The last two columns show predictions from the metaphor detection model -- label and score. Label 0 indicates literal phrases, label 1 shows metaphorical phrases.

Metaphor models

We provide 3 pre-trained models, based on the paper Grasping the Finer Point: A Supervised Similarity Network for Metaphor Detection. In the paper, we reported the average scores over 25 runs with different random seeds. In order to approximate this, we provide here individual models that had the performance closest to that reported average.

  1. model_ssn_traintsv_vecskipatt.model
    The SSN fusion model trained on the Tsvetkov dataset. Receives F1=81.11 on the Tsvetkov test set.

  2. model_ssn_traintsvgut_vecskipatt.model
    The SSN fusion model trained on the Tsvetkov+Gutierrez dataset. Receives F1=88.30 on the Tsvetkov test set.

  3. model_ssn_traintsvgut_vecskip.model
    The SSN skip-gram model trained on the Tsvetkov+Gutierrez dataset. While the previous models only contain vocabulary present in the metaphor datasets, this one stores all the skip-gram embeddings in the model (vocaulary size 184,816). Therefore, while this doesn't receive the highest F-score, it should be the best model to use for downstream applications. Receives F1=86.73 on the Tsvetkov test set.

Configuration

The file config.conf contains an example configuration. config_load.conf contains an example of testing a pre-trained model.

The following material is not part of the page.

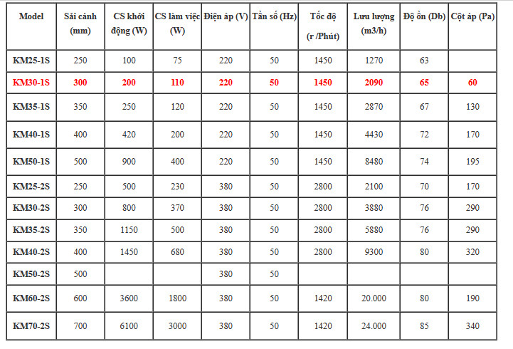 Thông số kỹ thuật các dòng quạt cùng loại:
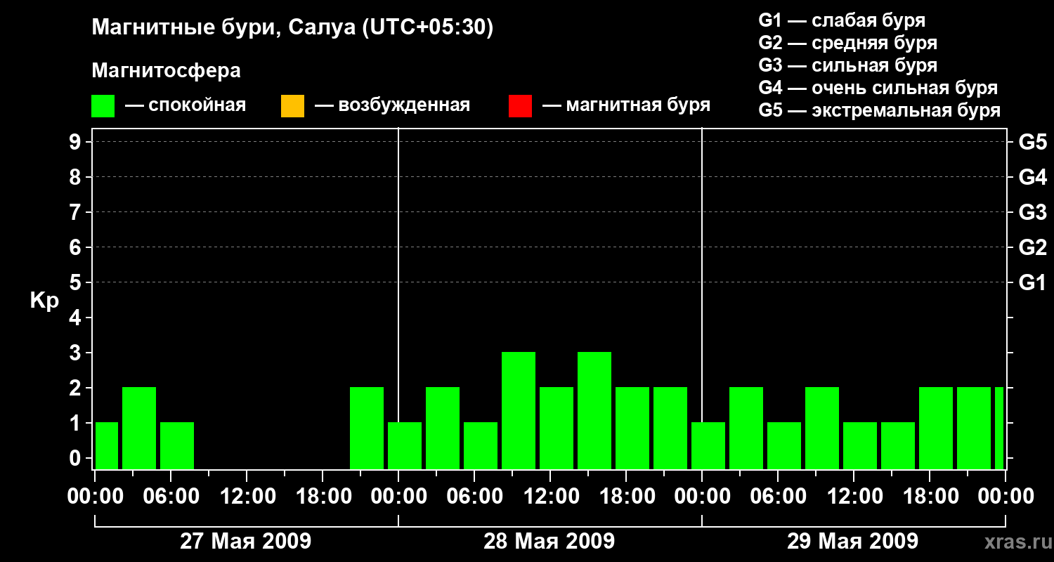 Изменения геомагнитного индекса Kp с 27 по 29 мая 2009 года для средних широт

There are a number of values that can be changed:

  • path_train - Path to the training data.
  • path_dev - Path to the development data, used for choosing the best epoch.
  • path_test - Path to the test data.
  • word_embedding_path_a - Path to the pretrained word embeddings, in word2vec plain text format. If your embeddings are in binary, you can use convertvec to convert them to plain text.
  • word_embedding_size_a - Size of the word embeddings used in the model.
  • word_embedding_path_b - Path to the second set of embeddings, if using model fusion.
  • word_embedding_size_b - Size of the second set of embeddings.
  • stop_if_no_improvement_for_epochs - Training will be stopped if there has been no improvement for n epochs.
  • examples_per_batch - Batch size.
  • shuffle_training_data - Shuffle the training data after each epoch.
  • gating - Gating the second word based on the first word.
  • embedding_mapping_size - Size on the supervised word mappings.
  • embedding_combination - Method for combining the word representations.
  • late_fusion - Using late fusion.
  • cost - Cost objective type.
  • update_embeddings - Whether word embeddings should be updated.
  • extend_vocabulary - Extend the model vocabulary when preloading the embeddings.
  • cost_l2 - L2 penalty.
  • optimisation_strategy - Optimisation strategy. Default is adadelta.
  • learningrate - Learningrate.
  • hidden_layer_size - Size of the combined hidden layer.
  • save - Path for saving the model.
  • load - Path for loading the model.
  • epochs - Number of training epochs
  • random_seed - Random seed.

License

MIT License

Copyright (c) 2017 Marek Rei

Permission is hereby granted, free of charge, to any person obtaining a copy of this software and associated documentation files (the "Software"), to deal in the Software without restriction, including without limitation the rights to use, copy, modify, merge, publish, distribute, sublicense, and/or sell copies of the Software, and to permit persons to whom the Software is furnished to do so, subject to the following conditions:

The above copyright notice and this permission notice shall be included in all copies or substantial portions of the Software.

THE SOFTWARE IS PROVIDED "AS IS", WITHOUT WARRANTY OF ANY KIND, EXPRESS OR IMPLIED, INCLUDING BUT NOT LIMITED TO THE WARRANTIES OF MERCHANTABILITY, FITNESS FOR A PARTICULAR PURPOSE AND NONINFRINGEMENT. IN NO EVENT SHALL THE AUTHORS OR COPYRIGHT HOLDERS BE LIABLE FOR ANY CLAIM, DAMAGES OR OTHER LIABILITY, WHETHER IN AN ACTION OF CONTRACT, TORT OR OTHERWISE, ARISING FROM, OUT OF OR IN CONNECTION WITH THE SOFTWARE OR THE USE OR OTHER DEALINGS IN THE SOFTWARE.